§ **DATA SHOWN**:
----

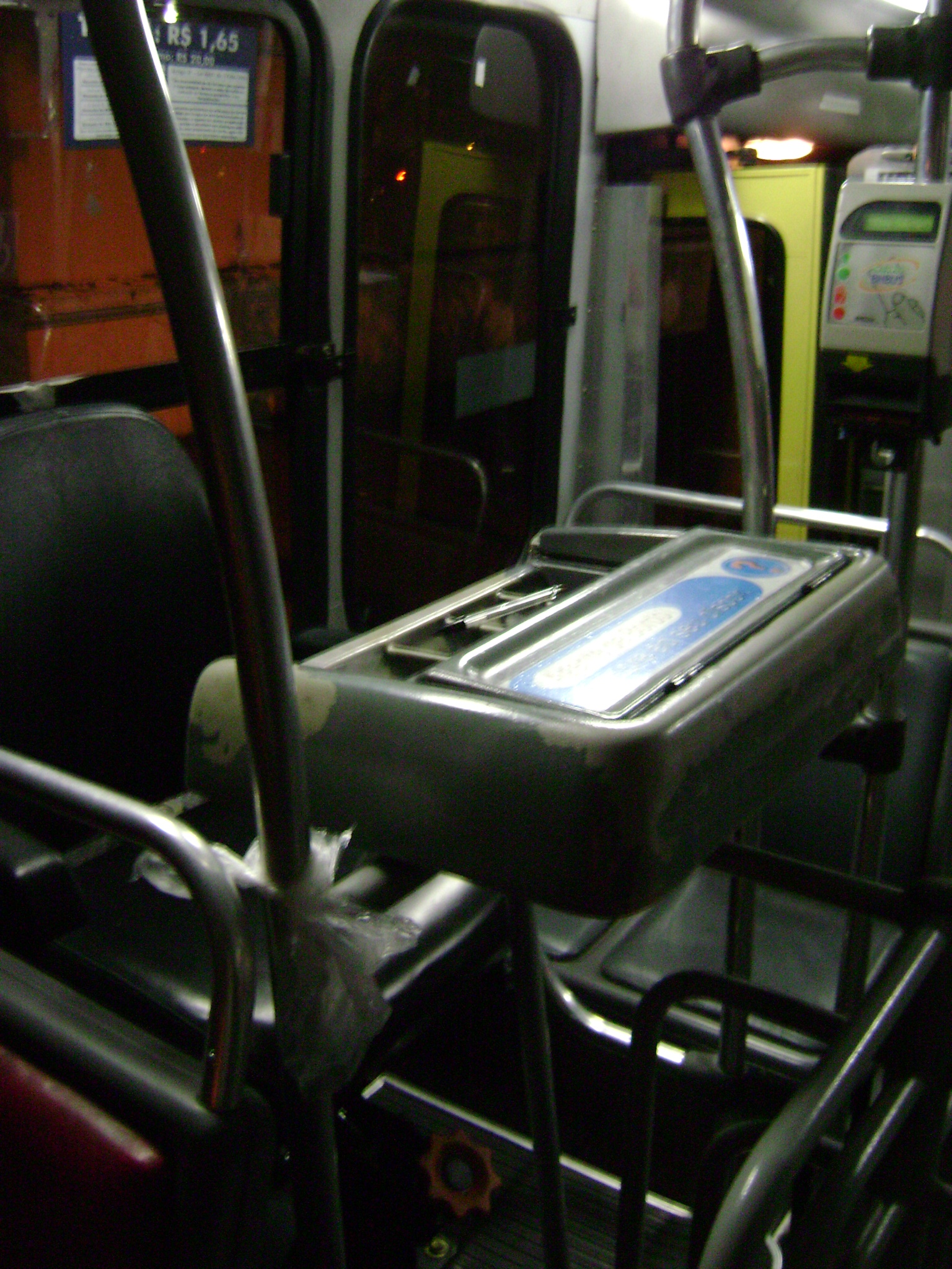 Roleta de ônibus (em Belo Horizonte).
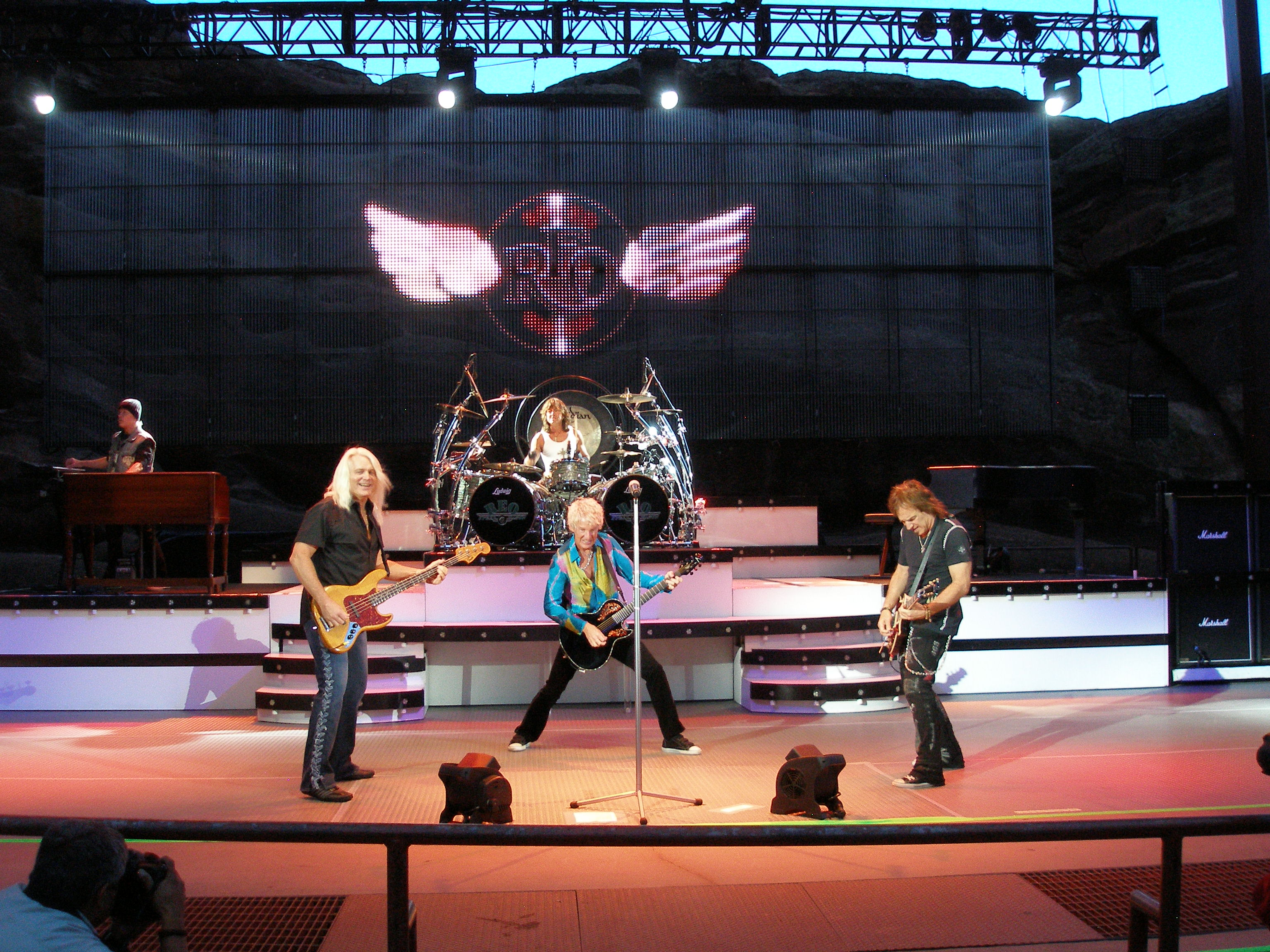 REO Speedwagon during the 2010 Love on the Run tour, at Red Rocks Amphitheater in Morrison, Colorado on July 21, 2010. From left to right Neal Doughty, Bruce Hall, Bryan Hitt, Kevin Cronin and Dave Amato.
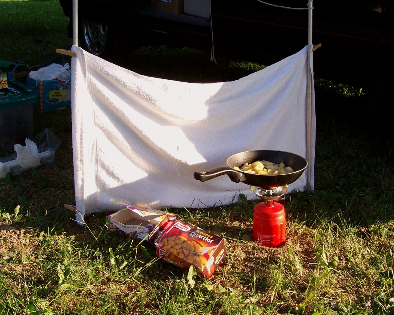 Baking potatoes on a camp site in Camurac (France)

----

§ **TASK ITEM**:
Exclude all images and return the listing word for word.

§ **RESULT OF THIS TASK**:
 Roleta de ônibus (em Belo Horizonte).
 REO Speedwagon during the 2010 Love on the Run tour, at Red Rocks Amphitheater in Morrison, Colorado on July 21, 2010. From left to right Neal Doughty, Bruce Hall, Bryan Hitt, Kevin Cronin and Dave Amato.
 Baking potatoes on a camp site in Camurac (France)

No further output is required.